Failed 2026 Indian satellite launch

The PSLV-C62 was the 64th flight of the ISRO's PSLV and its return to flight mission following PSLV-C61. The mission was launched on 12 January 2026 with multiple payloads for customers but failed to reach orbit.

== Mission overview ==
- Mass:
  - Payload weight: 1710 kg total
- Overall height: 44.4 m
- Propellant:
  - Boosters (PSOM-XL): Composite Solid (Solid Stage)
  - Stage 1 (S-139) : Composite Solid (Solid Stage)
  - Stage 2 (PL-40HP) : Earth Storable Liquid (Liquid Stage)
  - Stage 3 (HPS-3): Composite Solid (Solid Stage)
  - Stage 4 (L-2.5(AI)) : Earth Storable Liquid (Liquid Stage)
- Propellant mass:
  - Boosters: 12000 kg
  - Stage 1: 139000 kg
  - Stage 2: 41000 kg
  - Stage 3: 7650 kg
  - Stage 4: 1600 kg
- Altitude:505.291 km
- Semi Major Axis: 6883.428 ± 10 km
- Inclination: 97.5 ± 0.12°
- Azimuth: 140°

== Payload ==
The primary payload of the mission was the EOS-N1 imaging satellite built for strategic purposes by DRDO. A small 25 kg football-sized space capsule developed by the Spain-based startup Orbital Paradigm called Kestrel Initial Demonstrator (KID) flew on the PS-4 stage.
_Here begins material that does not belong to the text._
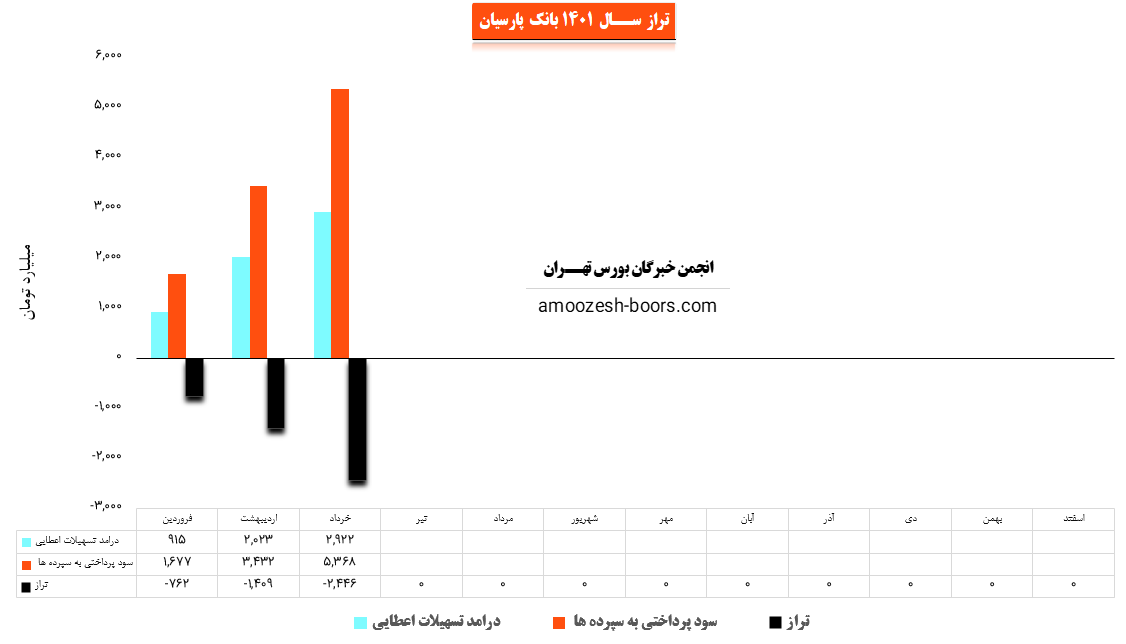 سهم وپارس (بانک پارسیان) در خرداد ماه سال 1401 حدود مبلغ 2922 میلیارد تومان از محل تسهیلات اعطایی به افراد درآمد داشته که این میزان در مقایسه با ماه گذشته 44% افزایش پیدا کرده است.

Bengaluru-based space company OrbitAID Aerospace expected to perform an on-orbit satellite refuelling experiment with AayulSAT. Twelve other commercial payloads totalling about 200 kg from companies and research institutions from India, Brazil, Nepal, Thailand, Spain, France, and the United Kingdom were also manifested for this flight. The PS-4 was planned to make an orbital re-entry with the KID payload attached following primary payload injection. This was ISRO's first launch attempt of 2026.

== Flight ==
The rocket lifted off at 10:18:30 AM IST. The first and second stages performed normally during the course of flight. However, near the end of the third stage's operation, a deviation was observed in the flight controls related to its roll-rates just prior to stage separation, resulting in flight failure. The Spanish re-entry space capsule KID survived the initial launch failure, as it managed to separate from the rocket and transmitted flight data for three minutes with a peak of 28 g during its non-nominal descent. It has been presumed that the vehicle achieved a suborbital trajectory of approximately -3800 x 390 km with a 98-degree inclination before plummeting roughly near 75°E, 18°S over the Southern Indian Ocean.

== Failure analysis ==
ISRO Chairman V. Narayanan indicated that detailed analysis for the flight's failure has been initiated by ISRO, refusing additional media statements. It was also noted that a similar failure was the cause for the unsuccessful C-61 flight eight months prior. NSA director Ajit Doval visited VSSC facilities following the flight failure due to the presence of national security payload on-board, where he was given an appraisal of events by VSSC director A. Rangarajan. ISRO has also consulted an external agency under K Vijay Raghavan Committee in addition to its own Failure Analysis Committee, chaired by former chairman K.Sivan. The FAC is to submit its report to the PMO by June, with the next return to flight launch for the PSLV rocket scheduled for late-June 2026. The FAC submitted its report on 13 June, and India's minister for the Department of Space, Jitendra Singh Rana, said that cause of the flight's failure had been found, but that it could not be publicly disclosed.